Extend tests/data_files/Makefile to include CRT's for CRT write test
diff --git a/tests/data_files/Makefile b/tests/data_files/Makefile
index f7826d4..f906545 100644
--- a/tests/data_files/Makefile
+++ b/tests/data_files/Makefile
@@ -12,6 +12,7 @@
## Tools
OPENSSL ?= openssl
+MBEDTLS_CERT_WRITE ?= $(PWD)/../../programs/x509/cert_write
## Build the generated test data. Note that since the final outputs
## are committed to the repository, this target should do nothing on a
@@ -30,6 +31,7 @@
#### Generate certificates from existing keys
################################################################
+test_ca_crt = test-ca.crt
test_ca_key_file_rsa = test-ca.key
test_ca_pwd_rsa = PolarSSLTest
test_ca_config_file = test-ca.opensslconf
@@ -64,7 +66,77 @@
$(OPENSSL) x509 -req -extfile $(cli_crt_extensions_file) -extensions cli-rsa -CA test-ca-sha256.crt -CAkey $(test_ca_key_file_rsa) -passin "pass:$(test_ca_pwd_rsa)" -set_serial 4 -days 3653 -sha256 -in server2-rsa.csr -out $@
all_final += server2-sha256.crt
+### Generate certificates for CRT write check tests
+### The test files use the Mbed TLS generated certificates server1*.crt,
+### but for comparison with OpenSSL also rules for OpenSSL-generated
+### certificates server1*.crt.openssl are offered.
+###
+### Known differences:
+### * OpenSSL encodes trailing zero-bits in bit-strings occurring in X.509 extension
+### as unused bits, while Mbed TLS doesn't.

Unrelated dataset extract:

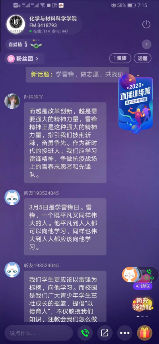 晚七点整,伴随着主持人娓娓道来的英雄故事,一场特殊的团日活动正式开始。随后,几位主持人分别播读了各团支部选送的优秀稿件,不同的文字、各色的声线传递出同样的感情——对英雄们的敬仰之情和传承发扬雷锋精神的决心。接下来的连线环节中,同学们积极踊跃地抢麦,纷纷表达对医护人员和支援者们的敬意。没有获得连线机会的同学,也在直播间通过文字为英雄们送上祝福。最后,李楠对本次活动作出总结:“雷锋精神的实质和核心是全心全意为人民服务,是为人民的事业无私奉献。传承和发扬雷锋精神,并非苛求我们每个人作出一番惊天动地的英雄事迹,而是将为人民服务的宗旨融入自己的日常生活中,以饱满的热情和扎实过硬的本领服务社会、服务人民。”

+test_ca_server1_db = test-ca.server1.db
+test_ca_server1_serial = test-ca.server1.serial
+test_ca_server1_config_file = test-ca.server1.opensslconf
+
+server1.csr: server1.key server1_csr.opensslconf
+ $(OPENSSL) req -keyform PEM -key server1.key -config server1_csr.opensslconf -out $@ -new
+all_final += server1.csr
+
+server1.crt: server1.key server1.csr $(test_ca_crt) $(test_ca_key_file_rsa)
+ $(MBEDTLS_CERT_WRITE) request_file=server1.csr issuer_crt=$(test_ca_crt) issuer_key=$(test_ca_key_file_rsa) issuer_pwd=$(test_ca_pwd_rsa) version=1 not_before=20110212144406 not_after=20210212144406 md=SHA1 version=3 output_file=$@
+server1.noauthid.crt: server1.key server1.csr $(test_ca_crt) $(test_ca_key_file_rsa)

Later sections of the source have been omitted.